Among other stops was Liberty Square with this obelisk, a Soviet War Memorial commemorating "Liberation Day", April 4th, 1945 when the Soviets forced the Nazis out of Hungary.

This area was also the site of the 1956 uprising against communist rule, and bullet holes can still be seen in this building.

From there we rode across the Chain Bridge to the Buda part of Budapest to Castle Hill. and the many steps up to the Fishermen's Bastion,

From the Terrace there is a spectacular view of the Danube and the Parliament buildings across the water in Pest.

The conical towers of the Fishermen's Bastion served no defensive purpose but are an allusion to the tribal tents of the early Magyars.

There I spied this sad, hooded falcon and his handler who was there to perch on the arm of older children for a price.

Moving along Castle Hill to the Castle itself we can to the beautiful King Matthias Fountain. The legend goes that when King Matthias while was on a hunting trip he wooed Ilonka, who fell desperately in love with him, not knowing that he was the king. When he left suddenly to return to Buda, Ilonka tracked him down and realized who he was. Realizing his rank meant they could never be together, Ilonka committed suicide.

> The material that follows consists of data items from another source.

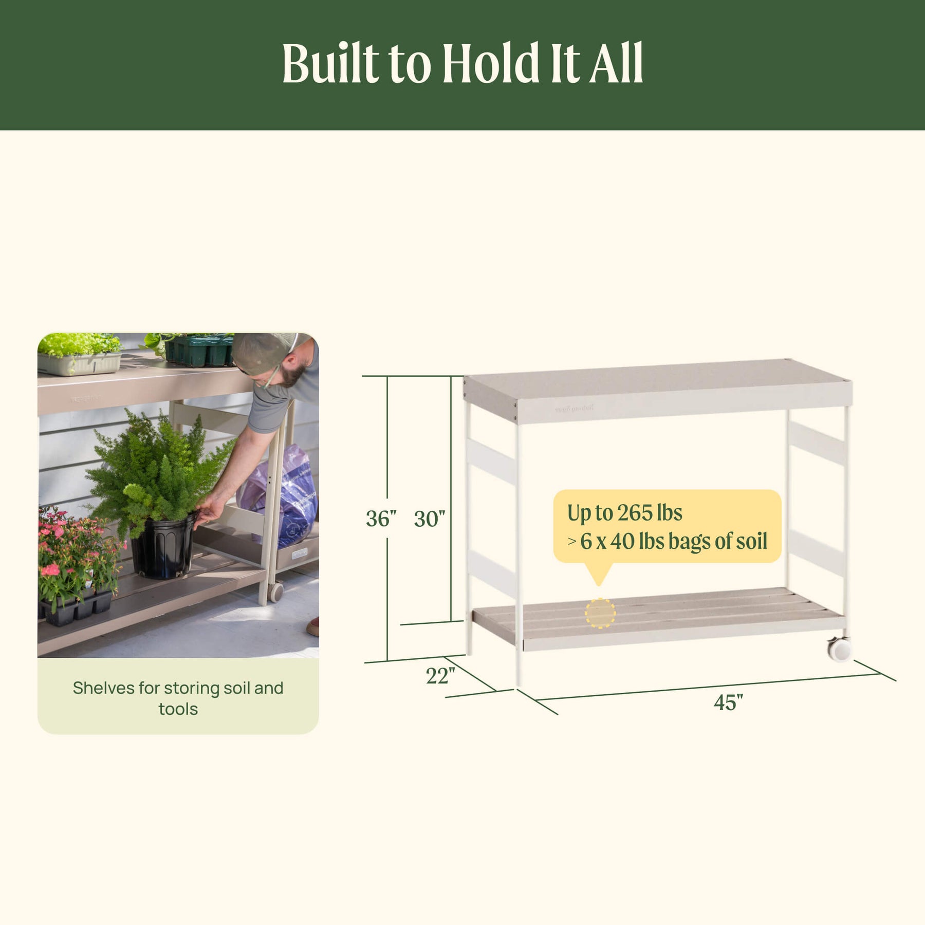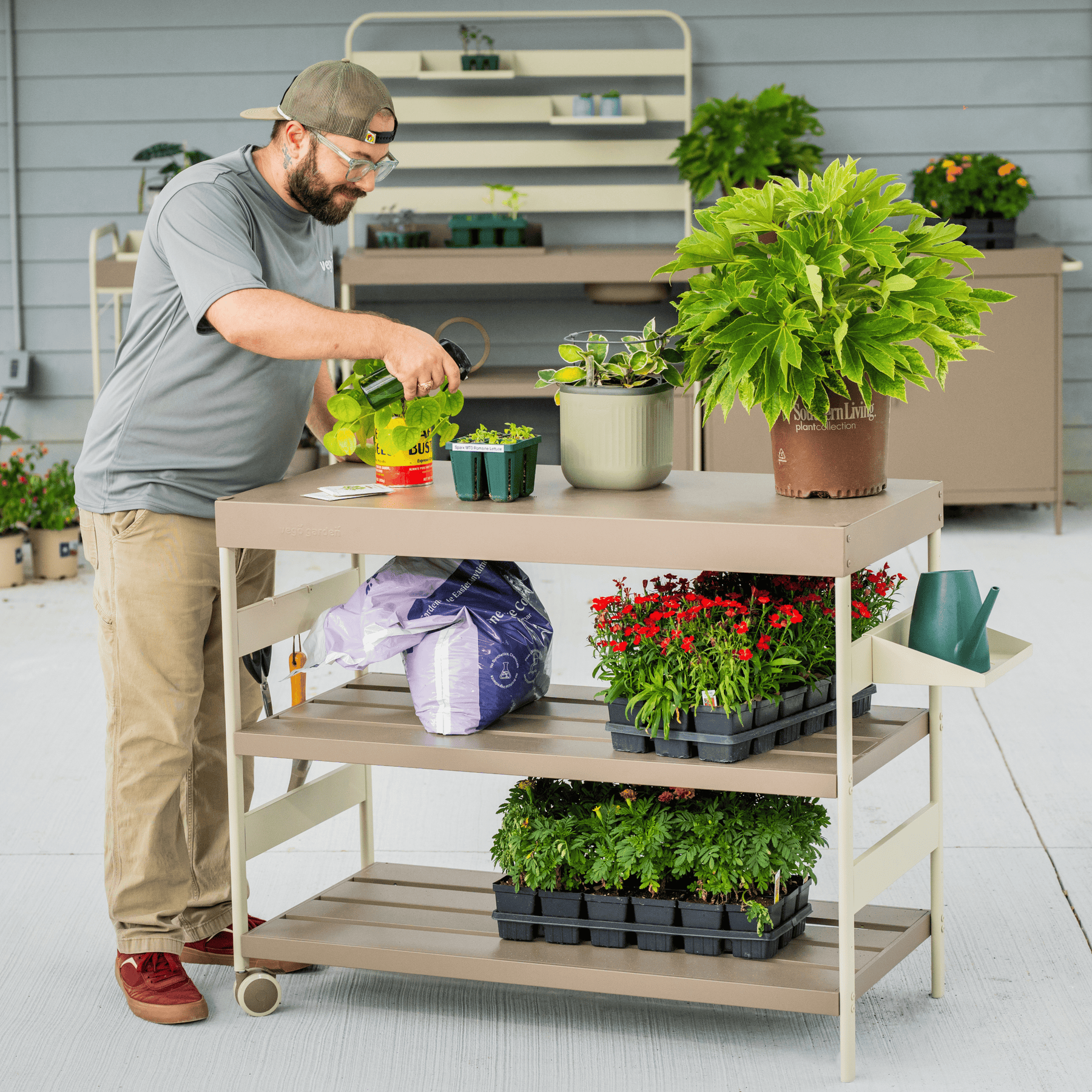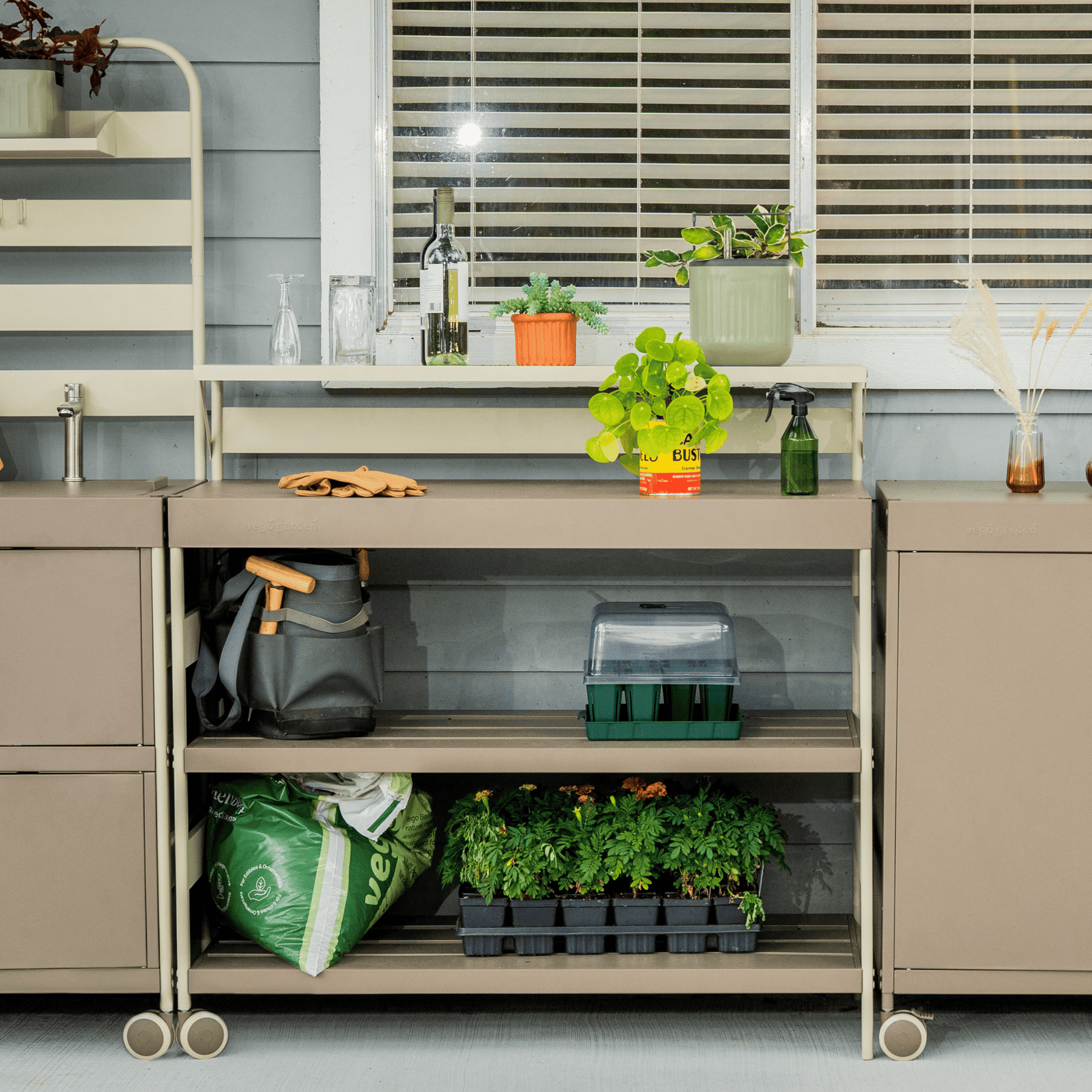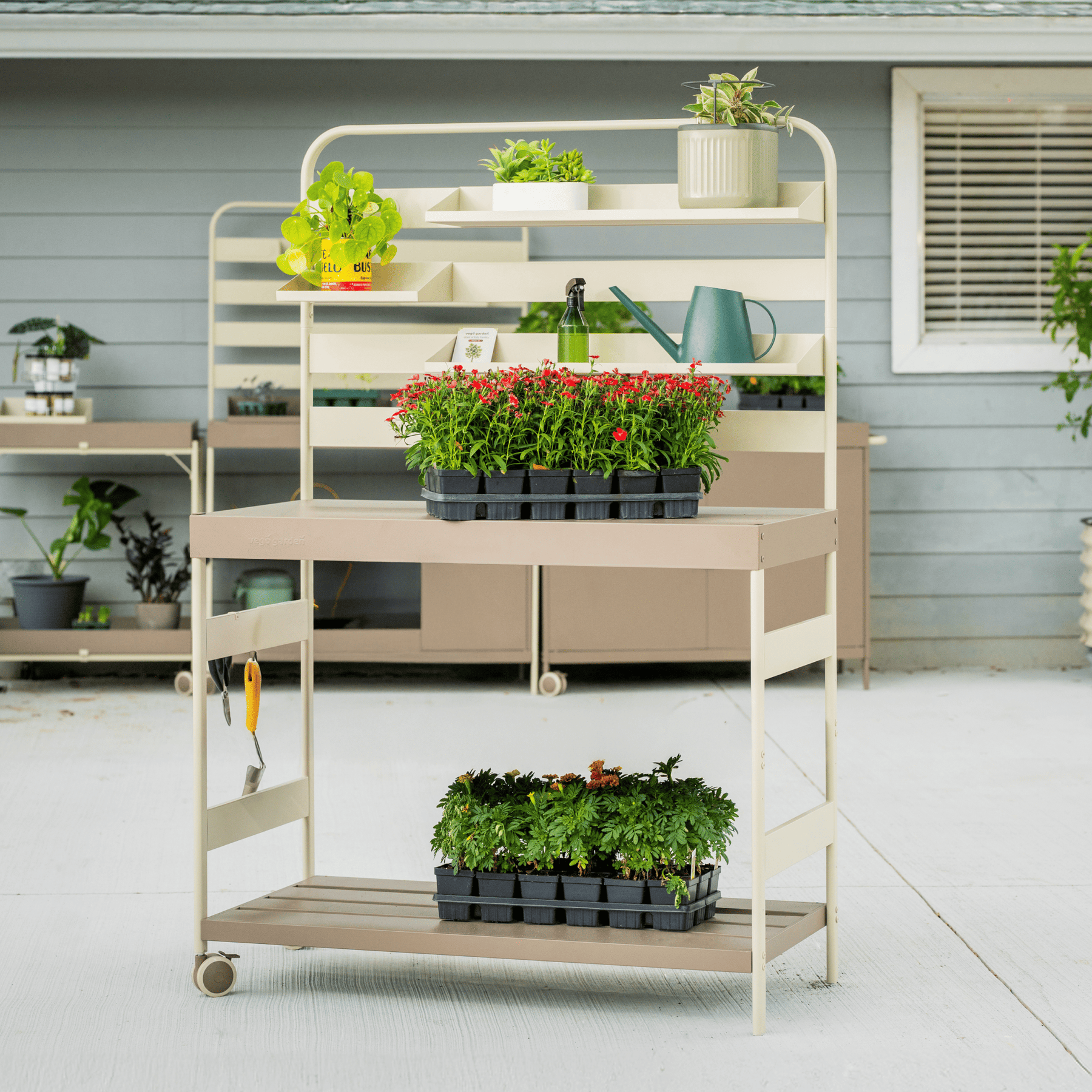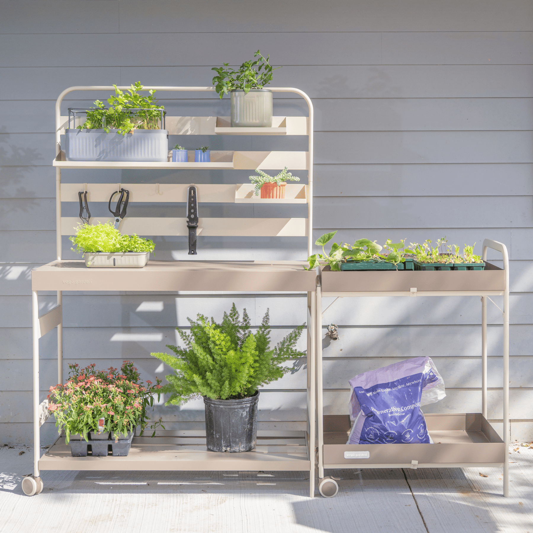Turn any space into a cohesive setup where planting, storing, and even entertaining all come together with the Potting Bench Series.
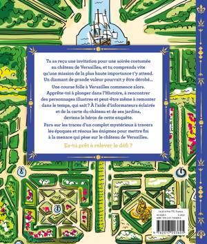 Le vol du grand diamant bleu de Louis XIV plonge le lecteur dans un incroyable voyage dans le temps à l'époque du Roi-Soleil. Un livre-jeu avec une histoire interactive découpée en 5 grands chapitres : l'enfant doit mener une enquête grâce aux indices, jeux et codes secrets à déchiffrer. À la fin de chaque chapitre, le lecteur doit résoudre une partie de l'enquête. Il pourra s'aider d'un plan détaillé du Château de Versailles et de ses jardins.
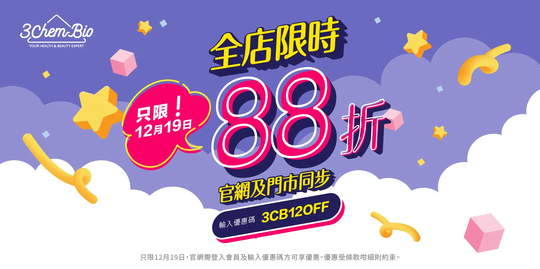 3. 優惠同時適用於3ChemBio官網、手機應用程式、3ChemBio 及 BIPO 門市。
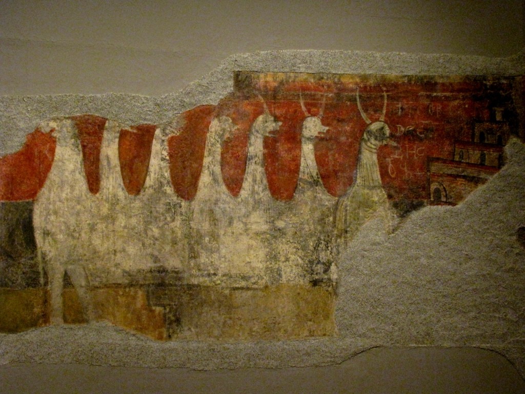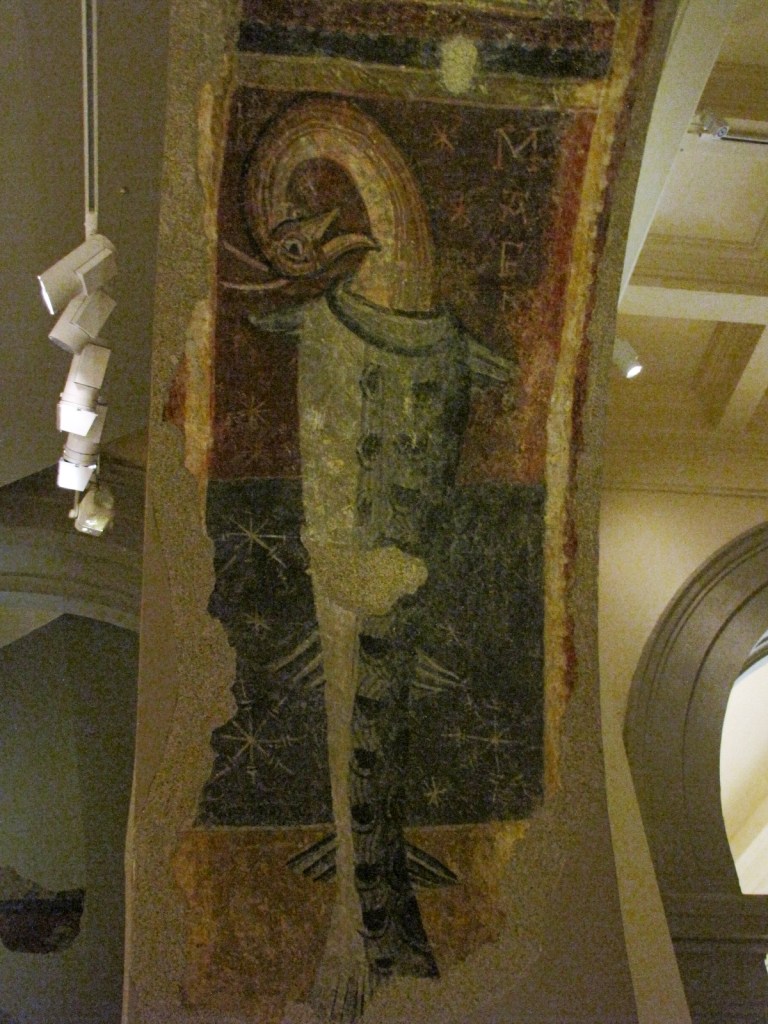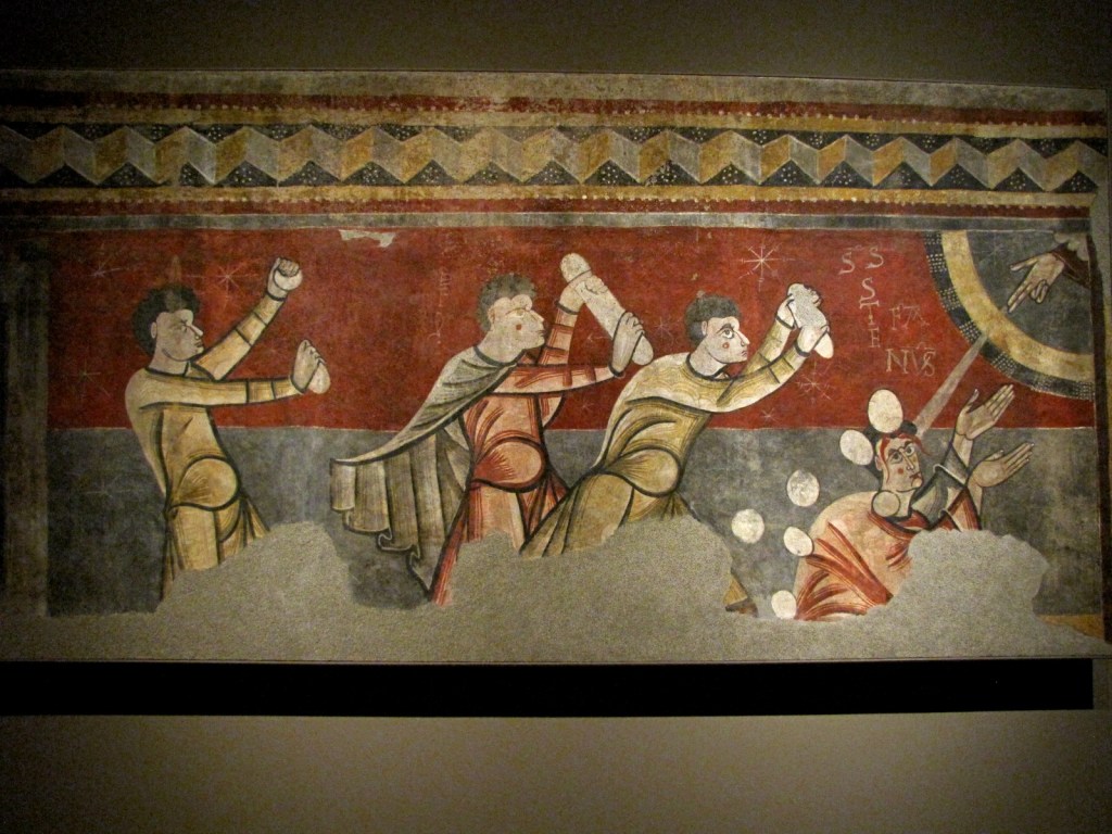 Do najstarszych fresków przechowywanych w MNAC należą pochodzące z kościoła Sant Joan w Boì, miejscowości leżącej w dolinie o tej samej nazwie, datowane na około roku 1100. Wystrój tego kościoła, zachowany tylko częściowo, nie pozwala na odtworzenie koncepcji ikonograficznej całej dekoracji malarskiej. Kościół jest trójnawowy, a nawy boczne oddzielają od środkowej kolumny wspierające łuki ścian. Stosunkowo dobrze zachowały się freski na wewnętrznej stronie tych łuków, przedstawiające fantastyczne zwierzęta, częściowo znane z bestiariuszy średniowiecznych; ich dokładne symboliczne znaczenie nie zawsze jest znana, na pewno jednak miały przedstawiać siły zła, natomiast skontrastowane z nimi siły dobra reprezentowały postacie świętych, umieszczone na ścianach, ponad łukami. Dobrze zachowała się scena kamienowania Św. Szczepana.

Passing the Royal Palace, we saw that the Raven's Gate which when closed was a map of Budapest.

Leaving the Royal Palace area we passed again the Lions Gate and the Mythical Turul bird which in folktales led the Magyar tribes to settle in the area now known as Hungary.

Our next stop north of the Castle was the tomb of Gull Baba, a Muslim dervish who died in 1541. He is one of the few Turks respected by the people of Hungary and legend says it is he who introduced roses to Budapest.

Our last big stop was Gellert Hill. When King Istvan converted Hungary to Christianity in the year 1000, he brought in Bishop Gellert, a monk from Vienna to tutor his son. Some Magyars however had other ideas. They put the bishop in a barrel, drove in long nails from the outside and rolled the barrel down the hill, causing his death. Gellert became the patron saint of Budapest and gave his name to the hill that killed him.
The view from the top of Gellert Hill was spectacular, a panorama of the Danube River and both parts of the city.

At the top, past the craft booths was the fortress and the last holdout of the Germans in WWII. The Hills here, and on Castle hill, are laced with limestone caves, making it extremely difficult to oust the enemy. Remaining there were guns left by the German forces.

The hill is crowned by the Liberation Monument, a statue of a woman holding aloft a palm branch (named by locals "the big can opener"), and this one representing the battle with evil.

On the walk back down the hill we passed posters depicting the history of Budapest, including this photo of the destruction of the Chain Bridge done by the Germans to prevent the Allies from reaching them up on Castle and Gellert Hills.

Lastly we visited the Cave Church near the bottom of Gellert Hill. The communists bricked up the church when they came to power, but it again open to the public.

While service was not being held at the time we visited, the organist was practicing and the sound within the cave was beautiful.

Leaving Susi we wandered around Center Pest for a time, had a late lunch and returned tired to out hotel.